Sunday was obviously a big moment for you and your Dad to get that first winner?
It was a great day to get that first winner, but with all that is going on with the Coronavirus, it is great to get it all back on again.
I know a lot of people are depending on it, but it’s also great for the people who are doing it for the fun and something to be doing.
It was very touch and go at the start of the season as to whether we would bring our horses back in because we didn’t want to bring them in and next thing the racing was suspended again after putting money into it.
It’s great that it is going again and I was very impressed with how it was run at Oldcastle. Everyone was keeping their distance from each other and adhering to the rules.

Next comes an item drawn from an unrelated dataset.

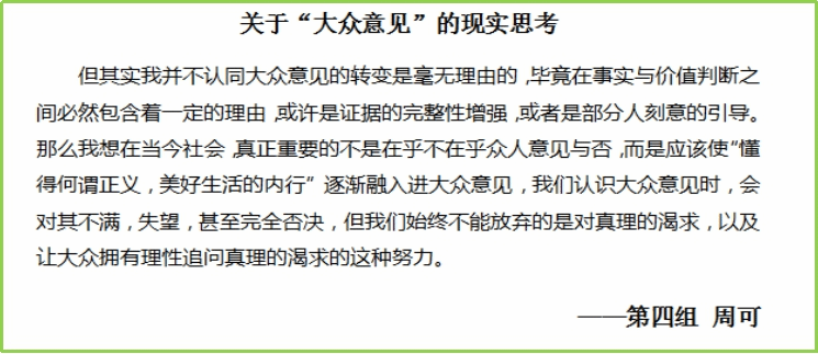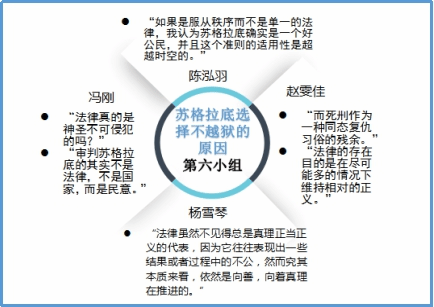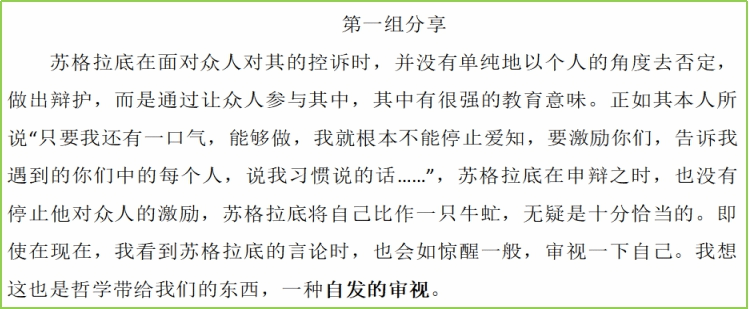 在每日轮值小组的带领下,同学们围绕《申辩》和《克力同章句》提出诸多问题,展开有序的讨论。基于理性的思考和包容的态度,来自不同专业的同学得以对自己的观点进行阐发和辩护,思想碰撞的火花也得以闪烁其光。各小组的阅读心得形式多样、角度各异,在经过审慎思考和仔细求证后对苏格拉底之死引发的一系列问题作出了进一步的回答。概言之,心得主要围绕“死亡”、“真理、“哲学与政治”等几个关键词进行阐述,或将哲学问题放在与政治领域交叉的视域下进行考察,或将苏格拉底与孔子、阿基琉斯等人进行横向比较,内容异彩纷呈,文字与思想交融得以激荡人心。

How did you come across the horse?
Colin bought Dento Des Obeaux at the sales last year and knew that we were looking for a horse. He said we could take him and when we bought him he ran with Colin last year and then with me thinking about training we said we may as well get it done now and that is when I got my handler’s license out.
We have to give the credit to Colin, he is the one who found the horse.

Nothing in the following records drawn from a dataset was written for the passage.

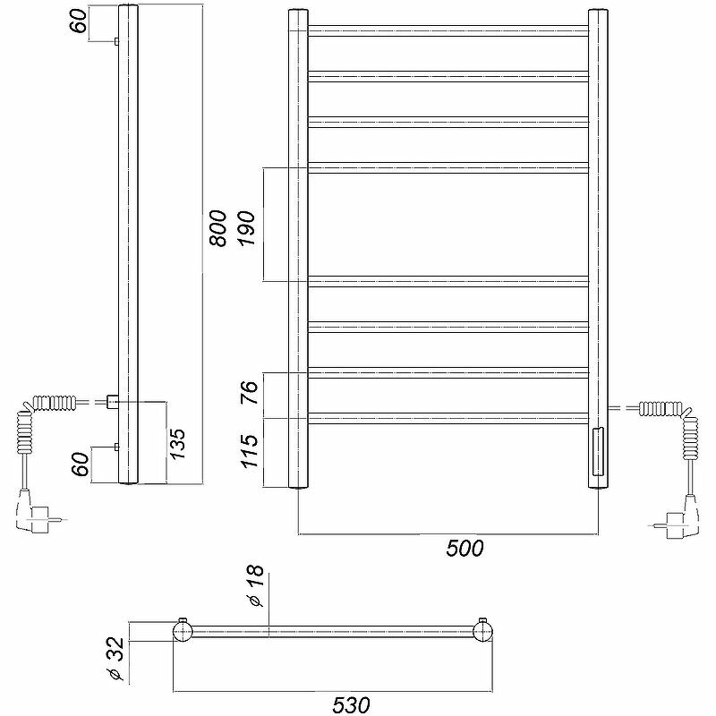 | Дополнительная информация | Полотенцесушитель в сборе 1 шт., Комплект для скрытого подключения 1 шт., Провод с вилкой 1 шт., Кронштейн к стене - 4 шт., Паспорт на изделие |
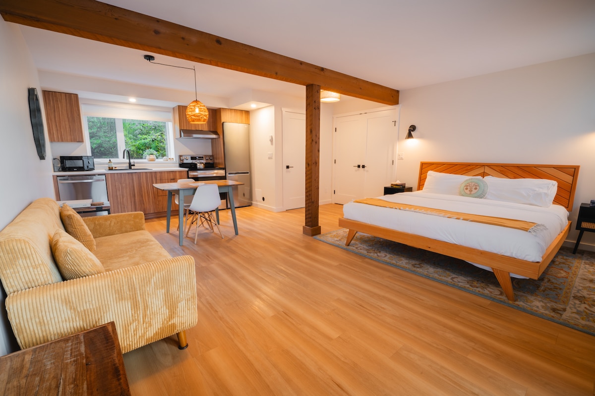 Розташоване біля входу до мережі стежок пляжу Тонкін і в декількох хвилинах ходьби від центру Тофіно. Насолоджуйтеся ліжком розміру King size, повністю обладнаною кухнею та повноцінною ванною кімнатою. Паркуйтеся безпосередньо перед цим просторим і нещодавно побудованим апартаментом! У люксі є ліжко king-size і немає інших спальних місць для додаткових гостей.
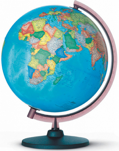 Esfera terrestre política de 30 cms. de diámetro con meridiano.

Do you have any horses to follow from the yards you are riding out in?
Colin has a couple of nice four-year-old’s, the two that really standout are a nice Sholokhov and there is a nice Famous Name horse, and they are doing everything that they are being asked to do very well.
Outside of racing, do you play any other sports?
More so to keep myself fit I would play a bit of soccer. I would go to five-a-side once a week and then there is a team as well that is local to Downpatrick. It is more for fitness-wise that I would go along to that.
If I didn’t watch myself my weight would rise up again, just with my build. It actually got to the stage there that I was even far too heavy for point-to-pointing, I did struggle for a while but I have got it back under control so hopefully I can keep it like that.
And finally, what aims would you have for the season?
It would be great to try and get a couple of outside rides to try and get my name out a bit there and then obviously with my own horses, for Dento, I would plan to run him in a Hunter Chase towards the end of the year.
There is a Maiden Hunter Chase around Downpatrick that we hummed and hawed about going for last year and that could be a plan for this year, and then for the mare it would be nice to get a win into her.
She will probably run in the next couple of weeks – she could do with the run but I would say that she could start off in Toomebridge or Moira the week after.